Despite the terrific political climate encountered in Nigeria, Nigerians are still very good people. They succeed where other people fail. The occasions of their academic exploits in Europe and America has become common occurrence. Despite the Western effort to exaggerate individual cases of faults in the Nigerian society, Nigerian cultural values of generosity, integrity and hospitality are still evident but unreported in daily encounters. The continuous hype of a supposed Nigerian DNA remains a ploy to distract Nigerians from agreeing among themselves to harness and utilize the resources within their territory.



A way out is seeking a new agreement between the ethnic communities in Nigeria on the mode of their co-existence. It will enable a discussion about the ownership and management of human and mineral resources in different parts of Nigeria.

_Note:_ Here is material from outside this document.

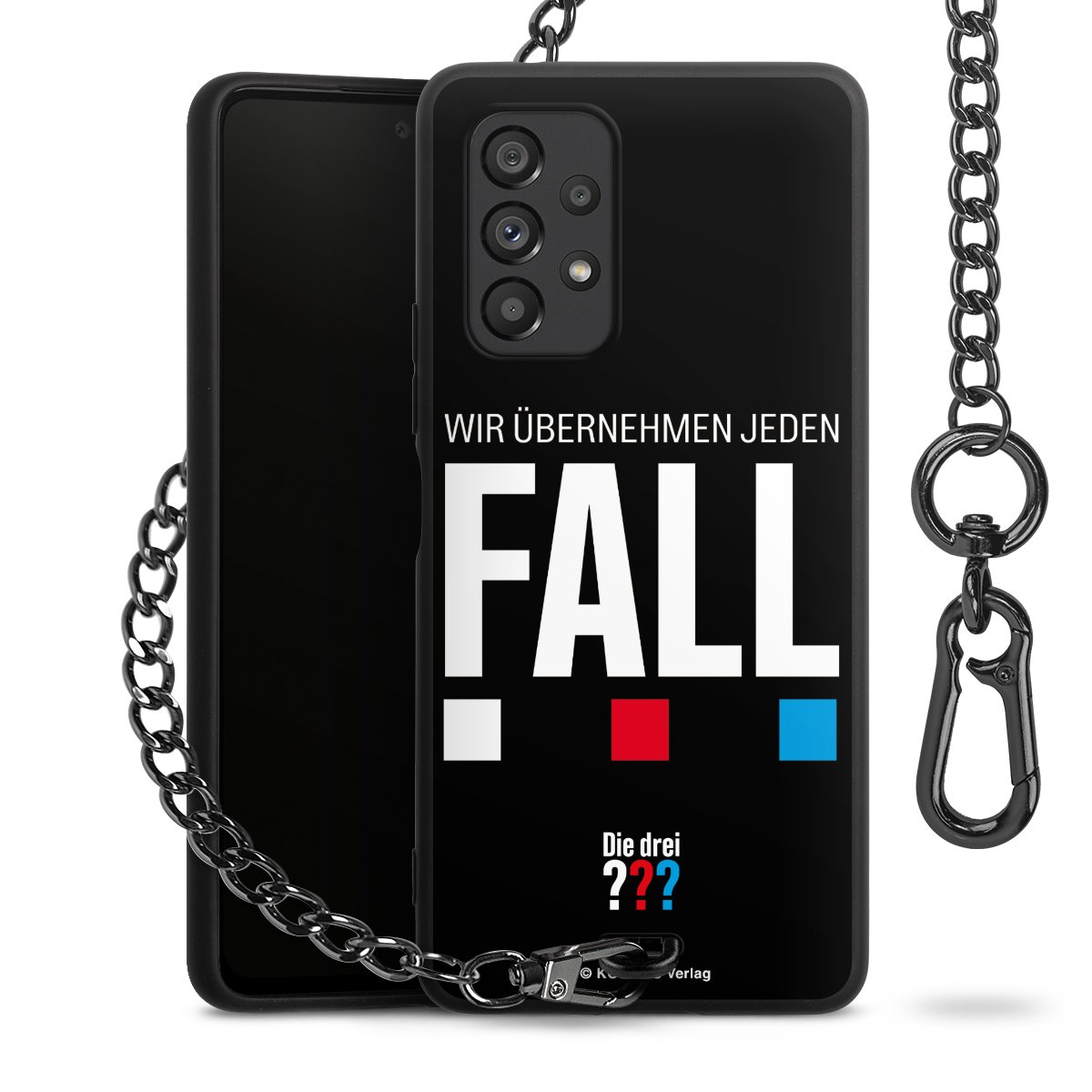 Die Handyhülle verfügt über eine mittig am unteren Rand platzierte Öse, an der die Metallkette stabil befestigt ist. Bestelle die Hülle einfach für Dein Smartphone-Modell, dann passt sie wie angegossen und Du brauchst sie bloß einmal anzudrücken. Handy in die Tasche, Karabiner an den Hosenbund – schon kann die Party starten.

Nigerians are not DNA corrupt; the system of governance imposed on them is corrupt, and breeds corruption, even in the good people. Nobody can fight corruption in Nigeria, unless we change the funny system of governance imposed and sustained by gun and fear. If the style of social influence and structure installed in Nigeria were installed in other places, they would be worse than Nigeria.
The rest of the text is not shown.